[[ SUPPLIED INFORMATION open ]]
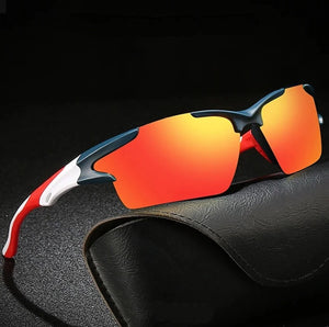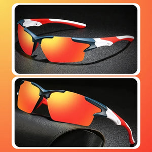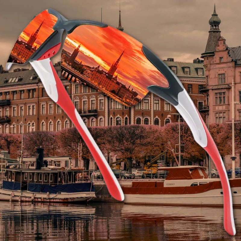 Stilīgas un funkcionālas sporta saulesbrilles ar oranžām spoguļlēcām gan vīriešiem, gan sievietēm. Šīs brilles ir ideāli piemērotas aktīvām aktivitātēm brīvā dabā, nodrošina uzticamu acu aizsardzību un izceļas ar modernu, enerģisku dizainu.
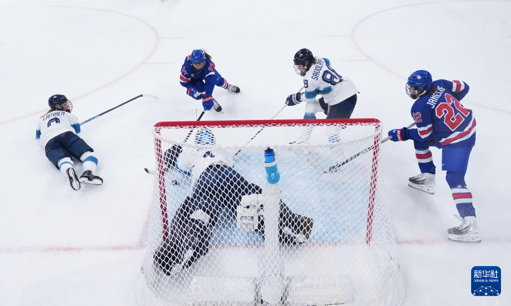 当地时间2月7日,在意大利米兰举行的米兰-科尔蒂纳冬奥会冰球项目女子小组赛A组比赛中,美国队5比0战胜芬兰队。
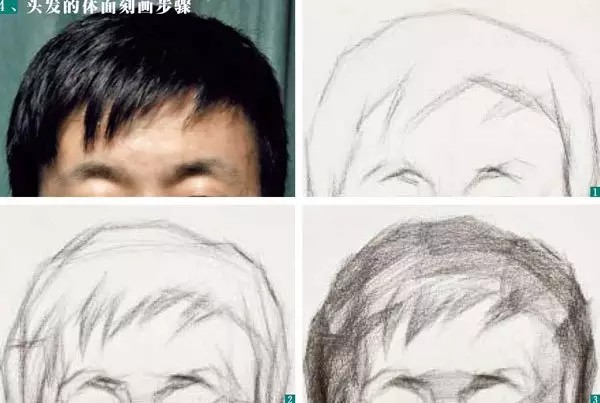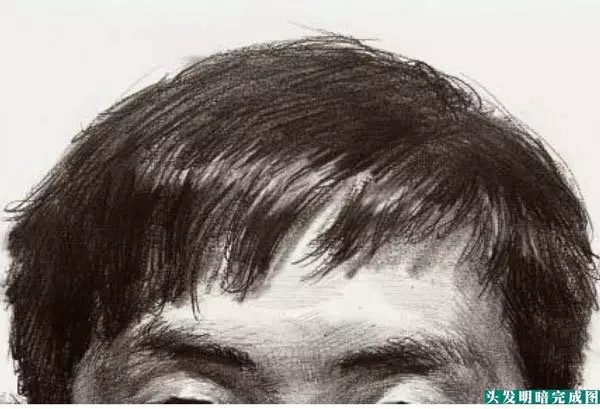 另外,还要分出头发内轮廓中额头上方以及左右两侧头发生长的不同方向。一般情况下,额头上方的头发从里往外长,高光远离发髻线,会在正面形成一个立面的暗部。左右两侧鬓角的头发是从头皮往外长,在光线影响下,高光会直接出现,不存在立面的暗部。最后,对于头发投到额头上的投影和投影的形状、深浅变化都是需要认真把握的。
[[ SUPPLIED INFORMATION closed ]]
→ YOUR INSTRUCTIONS
Without any pictures, return the material above exactly.

→ WRITTEN ANSWER
 Stilīgas un funkcionālas sporta saulesbrilles ar oranžām spoguļlēcām gan vīriešiem, gan sievietēm. Šīs brilles ir ideāli piemērotas aktīvām aktivitātēm brīvā dabā, nodrošina uzticamu acu aizsardzību un izceļas ar modernu, enerģisku dizainu.
 当地时间2月7日,在意大利米兰举行的米兰-科尔蒂纳冬奥会冰球项目女子小组赛A组比赛中,美国队5比0战胜芬兰队。
 另外,还要分出头发内轮廓中额头上方以及左右两侧头发生长的不同方向。一般情况下,额头上方的头发从里往外长,高光远离发髻线,会在正面形成一个立面的暗部。左右两侧鬓角的头发是从头皮往外长,在光线影响下,高光会直接出现,不存在立面的暗部。最后,对于头发投到额头上的投影和投影的形状、深浅变化都是需要认真把握的。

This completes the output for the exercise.